- [Directions]: Repeat the data as given. Images do not go in the copy.

- [Data excerpt]:
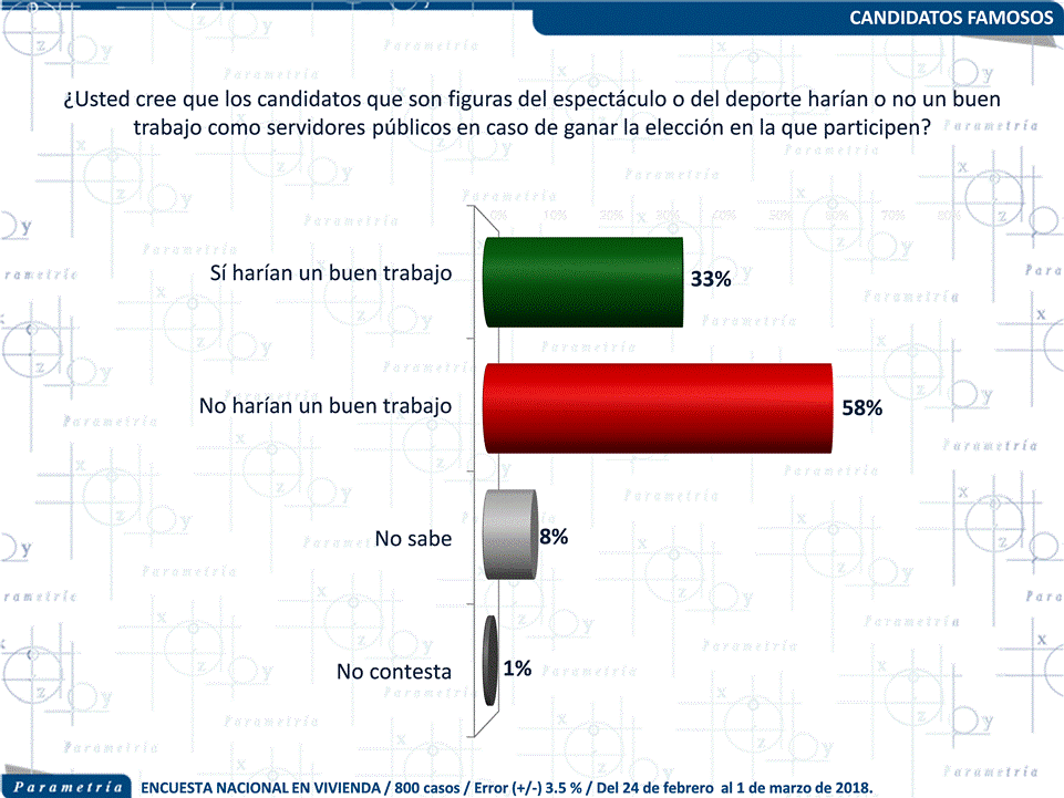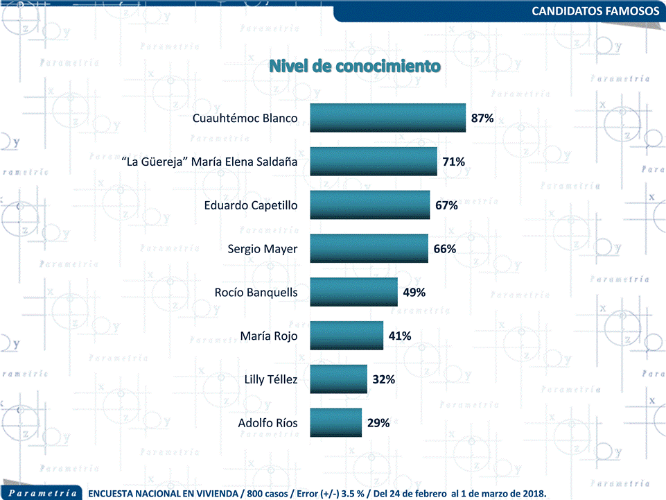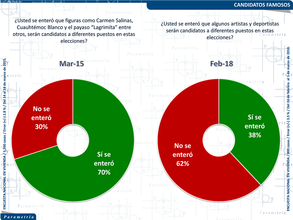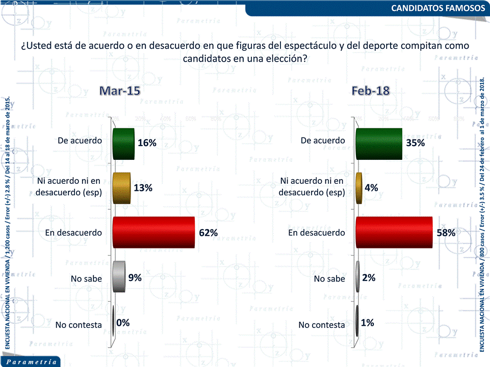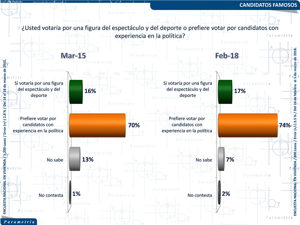Parametría. Encuesta en vivienda. Representatividad: Nacional. Número de entrevistas: 800 encuestas realizadas del 24 de febrero al 1 de marzo de 2018. Nivel de confianza estadística: 95 %. Margen de error: (+/-) 3.5 %. Diseño, muestreo, operativo de campo y análisis: Parametría SA de CV. Método de muestreo: Aleatorio sistemático con probabilidad proporcional al tamaño. Unidad de muestreo: Las secciones electorales reportadas por el INE. Población objetivo: Personas de 18 años en adelante con credencial para votar que al momento de la entrevista residan en el lugar de interés.
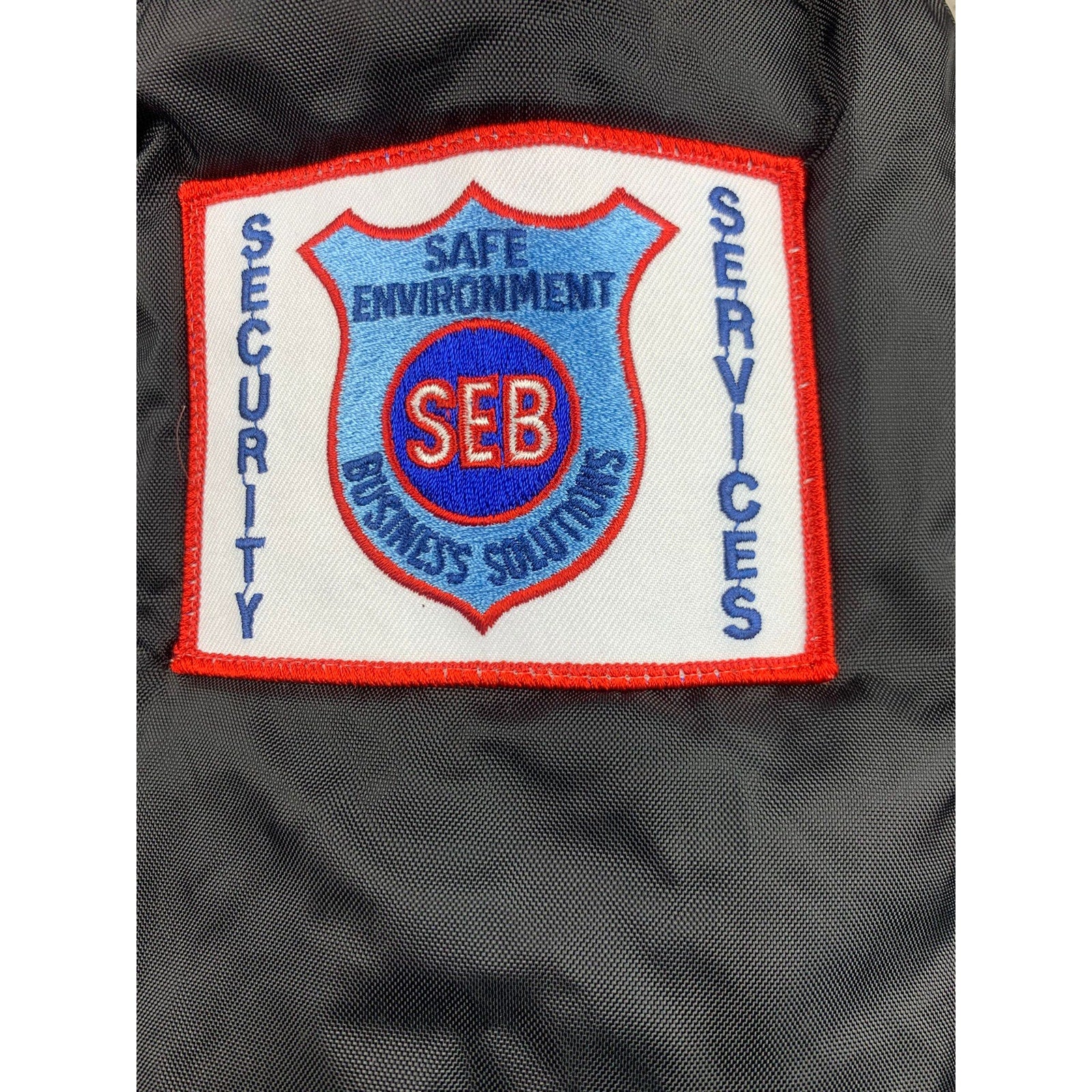 A black security-style puffer jacket by National Patrol. The coat features a waterproof nylon shell, insulated polyester padding, and a quilted design for warmth. It also includes practical utility elements like a hood, multiple pockets, and a storm flap over the zipper.
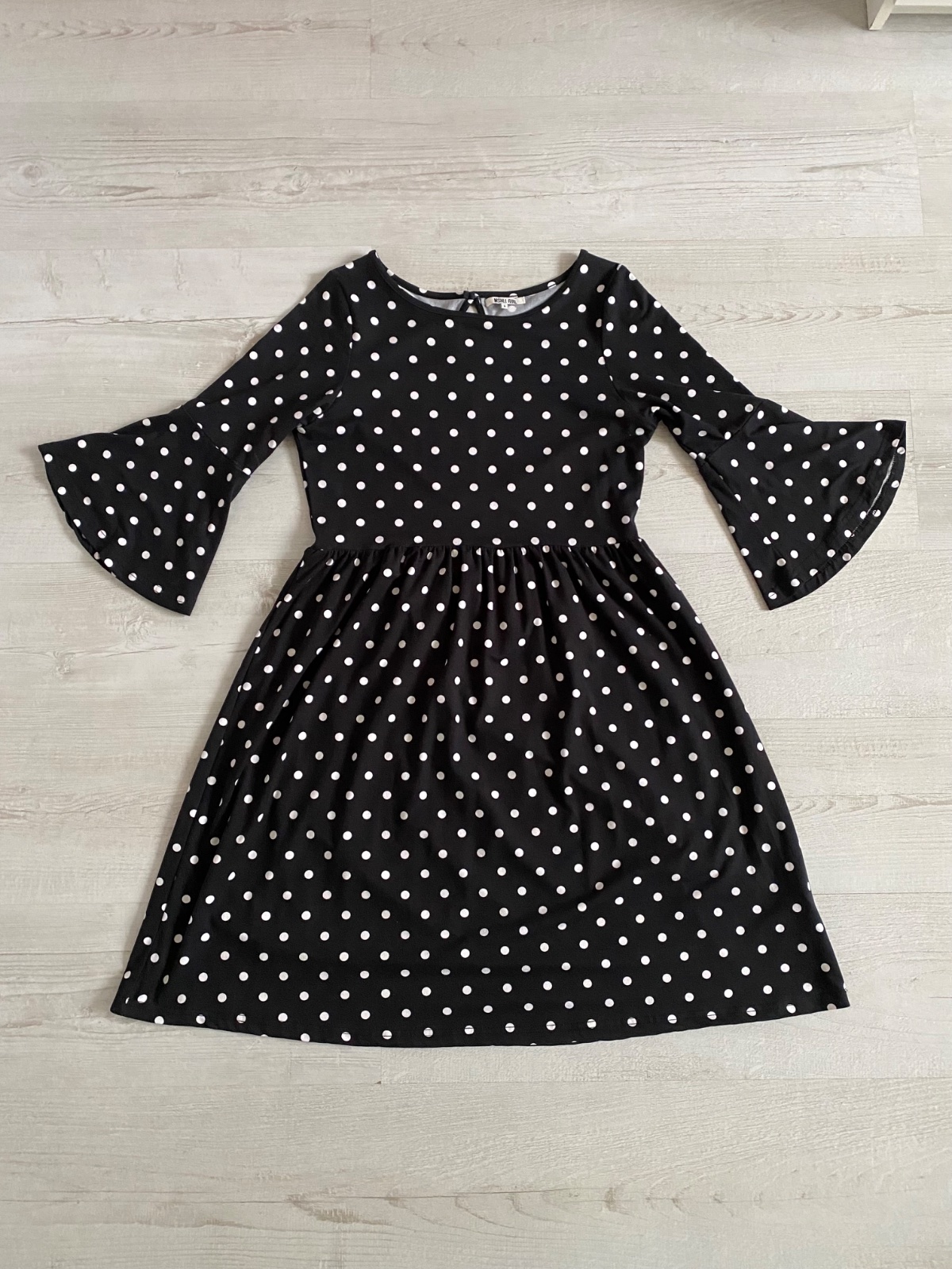 Veľmi pohodlné jarné šaty. Nazbierané rukávy, na ramenách sú malé vypchavky. Rozmery na foto.

- [Worked solution]:
Parametría. Encuesta en vivienda. Representatividad: Nacional. Número de entrevistas: 800 encuestas realizadas del 24 de febrero al 1 de marzo de 2018. Nivel de confianza estadística: 95 %. Margen de error: (+/-) 3.5 %. Diseño, muestreo, operativo de campo y análisis: Parametría SA de CV. Método de muestreo: Aleatorio sistemático con probabilidad proporcional al tamaño. Unidad de muestreo: Las secciones electorales reportadas por el INE. Población objetivo: Personas de 18 años en adelante con credencial para votar que al momento de la entrevista residan en el lugar de interés.
 A black security-style puffer jacket by National Patrol. The coat features a waterproof nylon shell, insulated polyester padding, and a quilted design for warmth. It also includes practical utility elements like a hood, multiple pockets, and a storm flap over the zipper.
 Veľmi pohodlné jarné šaty. Nazbierané rukávy, na ramenách sú malé vypchavky. Rozmery na foto.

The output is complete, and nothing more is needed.